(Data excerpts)
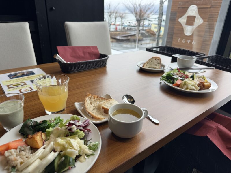 諏訪湖畔にある「くらすわ」というレストランでランチにしました。
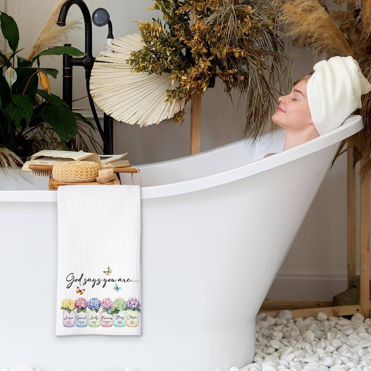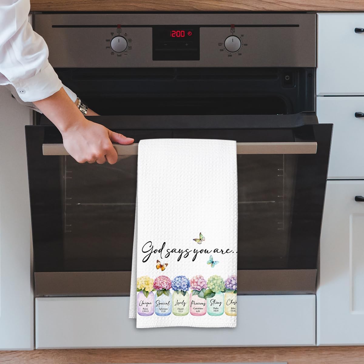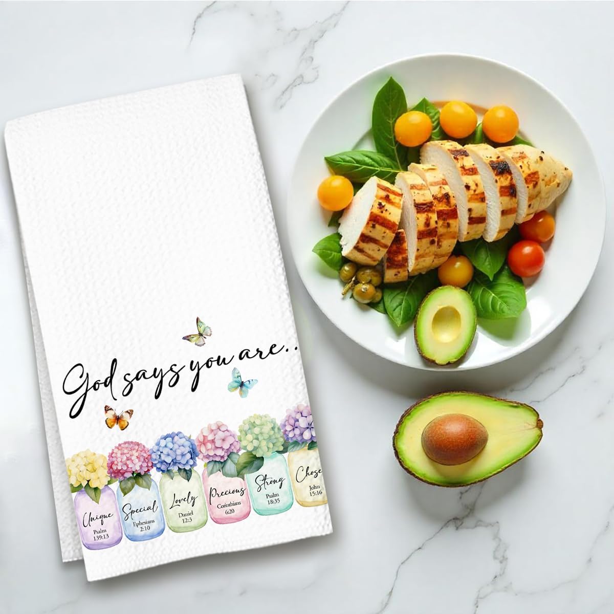 Christian Kitchen Towel, Waffle Weave Microfiber Scripture Hand Towel, God Says You are Bible Verse Farmhouse Decor for Kitchen Bathroom, Inspirational Gift for Women
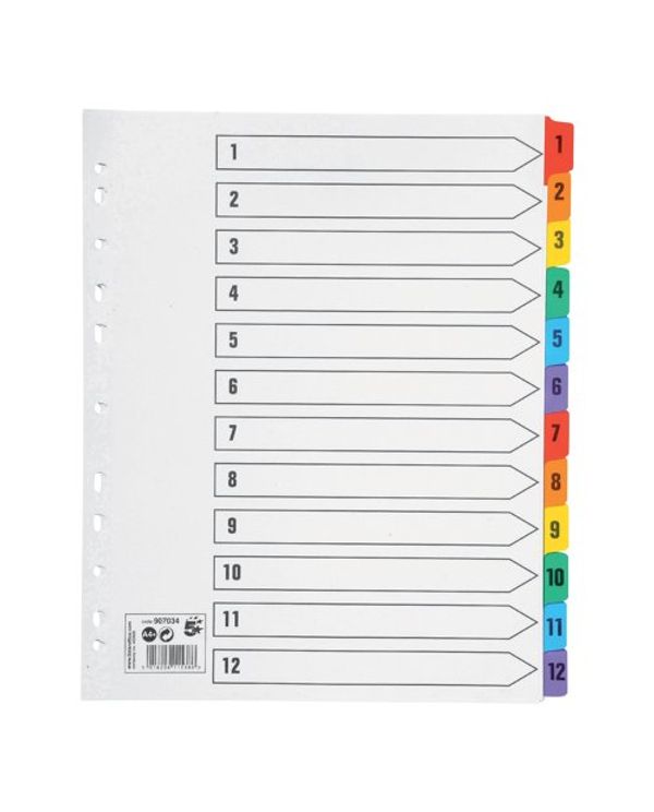 5 Star Office Maxi Index 1-12 Multipunched Mylar-reinforced Multicolour Tabs Extra Wide A4+ White
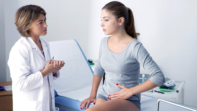 Типові тягнуть болі протягом менструацій, кровянистое виділення з усіх осередків розростань ендометрія. При кольпоскопії на шийці матки видно дрібні множинні вузлики або кісти, синюшні або червоні смужки. Кров'янисті-коричневі білі стають світлішими після менструації, їх обсяг в цей період зменшується і знову збільшується перед наступними місячними. Ендометріоз органів черевної порожнини - часта причина внутрішньої кровотечі та подальшої операції (лапаротомія).
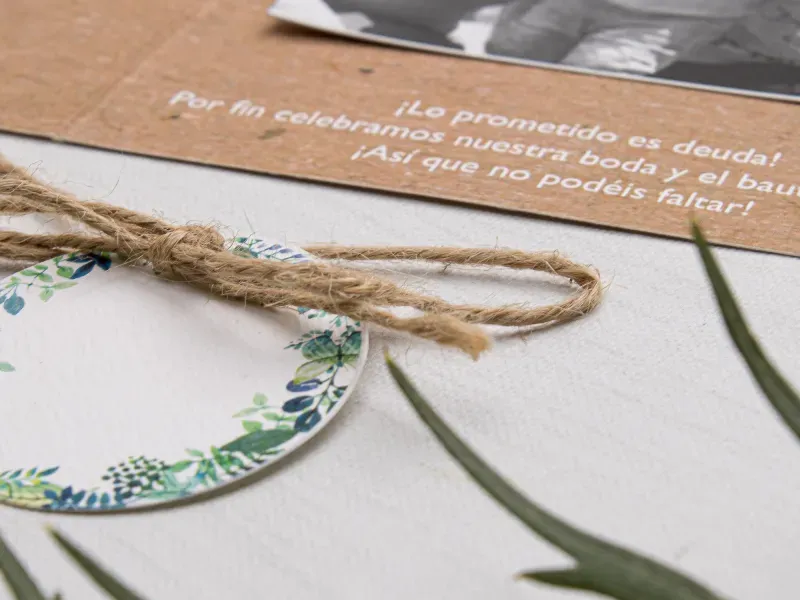 Añade una etiqueta con cuerda a tus invitaciones para un acabado rústico y encantador. Perfecta para escribir nombres o pequeños mensajes.
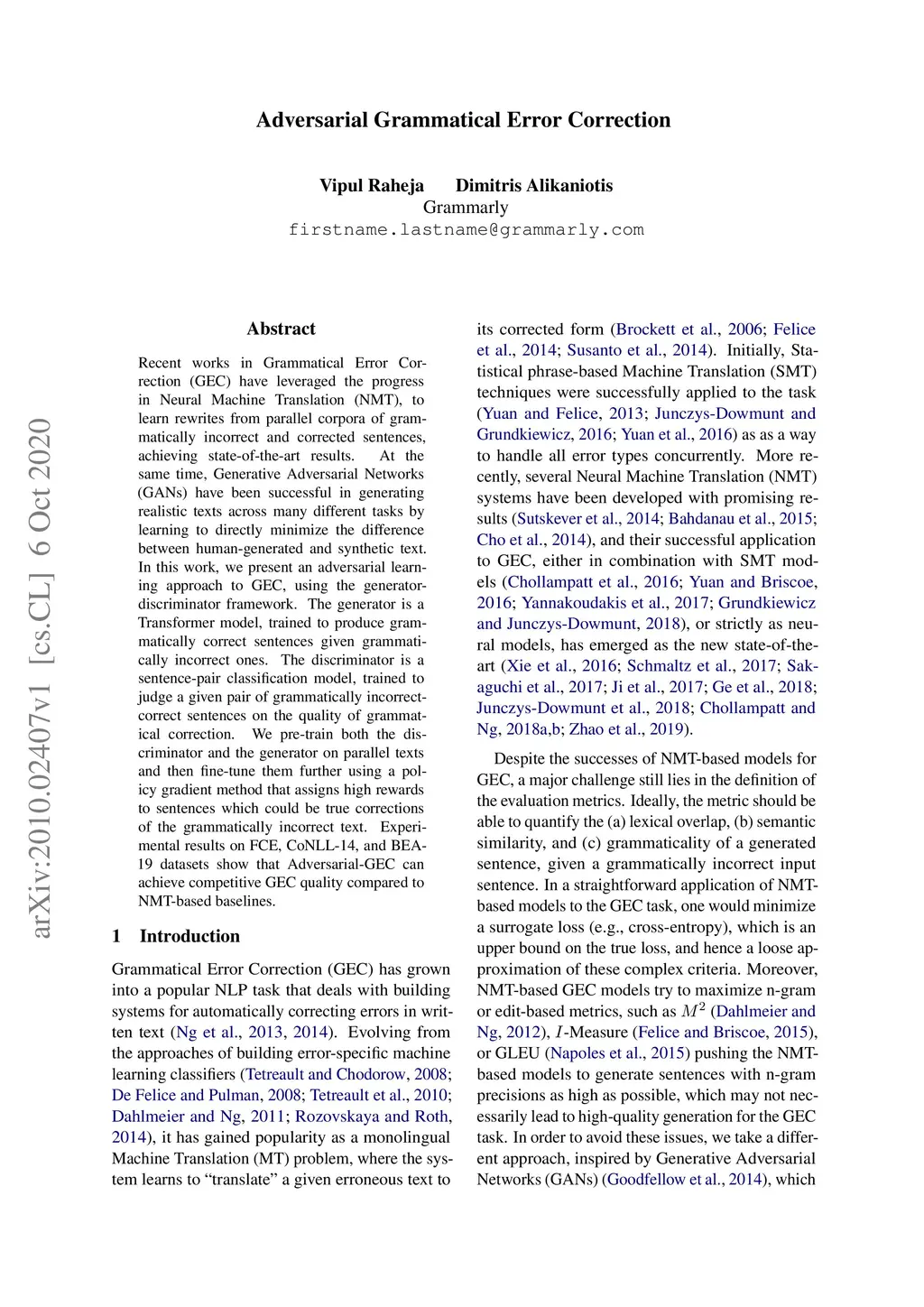 Adversarial Grammatical Error Correction
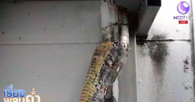 งูเหลือมติดอยู่ในรางน้ำของบ้านหลังหนึ่ง จ.ชลบุรี คาดฝนตกอากาศเย็น และมีความชื้น เจ้างูเหลือมคงเลื้อยออกมาจากป่าและหาที่อยู่ จนเลื้อยมาบนหลังคาบ้าน ก่อนที่จะเลื้อยลงท่อรางน้ำ แต่ด้วยมีขนาดใหญ่จึงทำให้ติดท่อ
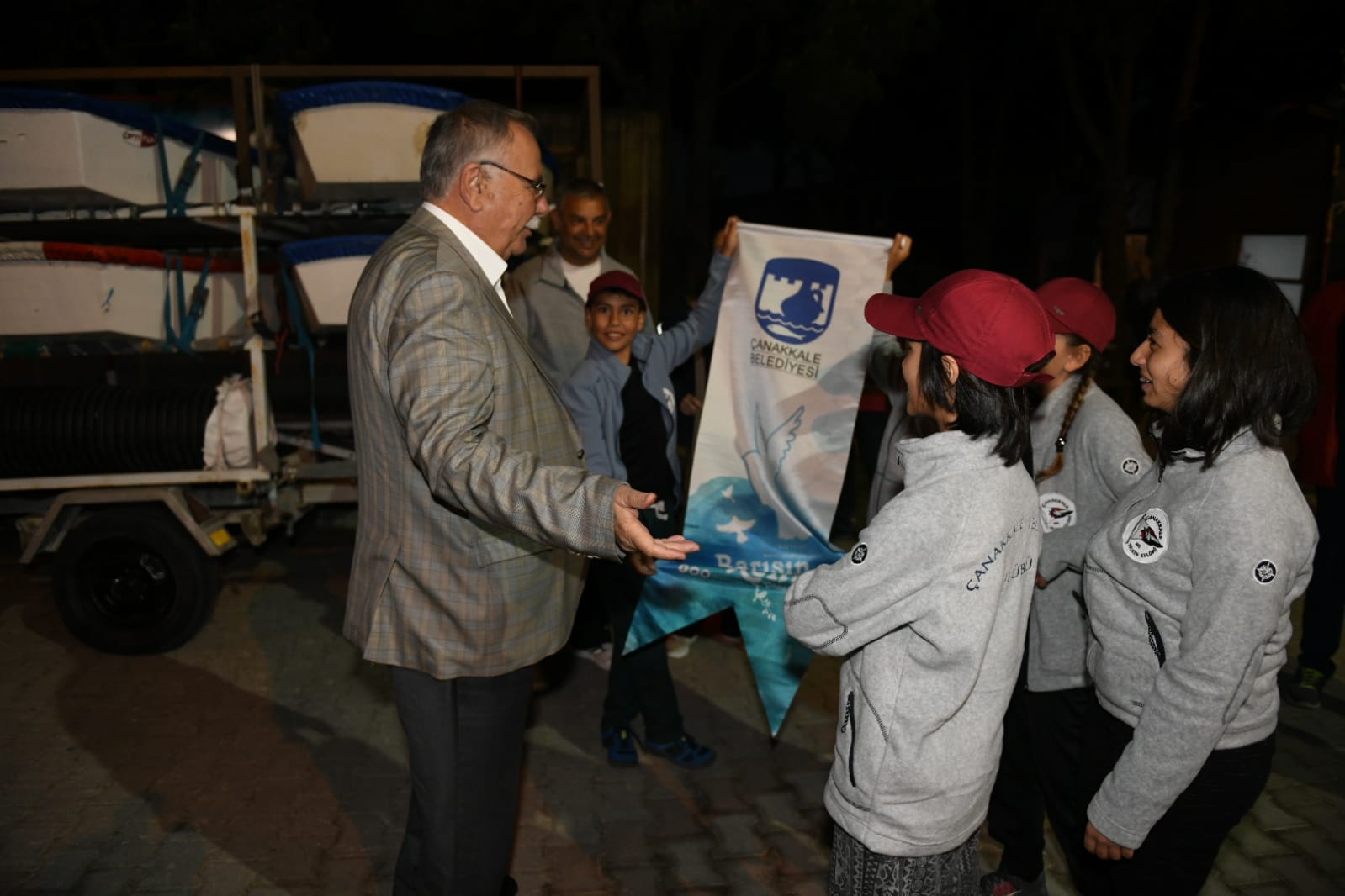 Ulu Önder Mustafa Kemal Atatürk'ün Bandırma Vapuru ile Samsun'a çıkarak KurtuluÅŸ Savaşı fiili olarak baÅŸlatmasının 100. Yıldönümü nedeni ile Samsun'da düzenlenen yelken yarışmasına katılmak için Çanakkale Yelken Kulübü'nün 5 minik sporcu yola çıktı. Çanakkale Belediyesinin destekleri ile Samsun'da düzenlenecek olan yarışma için yola çıkan minik sporcuları Belediye BaÅŸkanı Ülgür Gökhan UÄŸurladı. Yelken Kulübü'nde minik sporcular, aileleri ve eÄŸitmenleri ile bir araya gelen BaÅŸkan Gökhan, yarışma hakkında bilgi alırken, sporculara baÅŸarılar diledi. Kısa bir sohbetin ardından BaÅŸkan Gökhan'la hatıra fotoÄŸrafı çektiren sporcular, ardından Milli Mücadelenin 100. Yıldönümü nedeni ile düzenlenen yarışmaya katılmak üzere yola çıktılar.Â
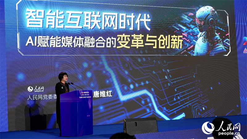 人民網(wǎng)監(jiān)事會(huì)主席、研究院院長(zhǎng)唐維紅發(fā)表題為《智能互聯(lián)網(wǎng)時(shí)代AI賦能媒體融合的變革與創(chuàng)新》的主題報(bào)告。人民網(wǎng)記者 吳茜薇攝
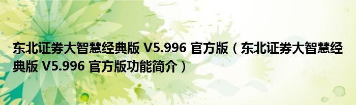 导读 大家好,关于东北证券大智慧经典版 V5 996 官方版,东北证券大智慧经典版 V5 996 官方版功能简介这个很多人还不知道,小勒来为大家解答以
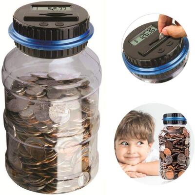 This clear jar has an LCD screen on a lid helps count your coins as they slip through the slot.

→ Work order:
Please print exactly the lines from the line containing "人民網(wǎng)監(jiā" through the end of the records above, both included, leaving out every picture.

→ Written reply:
 人民網(wǎng)監(jiān)事會(huì)主席、研究院院長(zhǎng)唐維紅發(fā)表題為《智能互聯(lián)網(wǎng)時(shí)代AI賦能媒體融合的變革與創(chuàng)新》的主題報(bào)告。人民網(wǎng)記者 吳茜薇攝
 导读 大家好,关于东北证券大智慧经典版 V5 996 官方版,东北证券大智慧经典版 V5 996 官方版功能简介这个很多人还不知道,小勒来为大家解答以
 This clear jar has an LCD screen on a lid helps count your coins as they slip through the slot.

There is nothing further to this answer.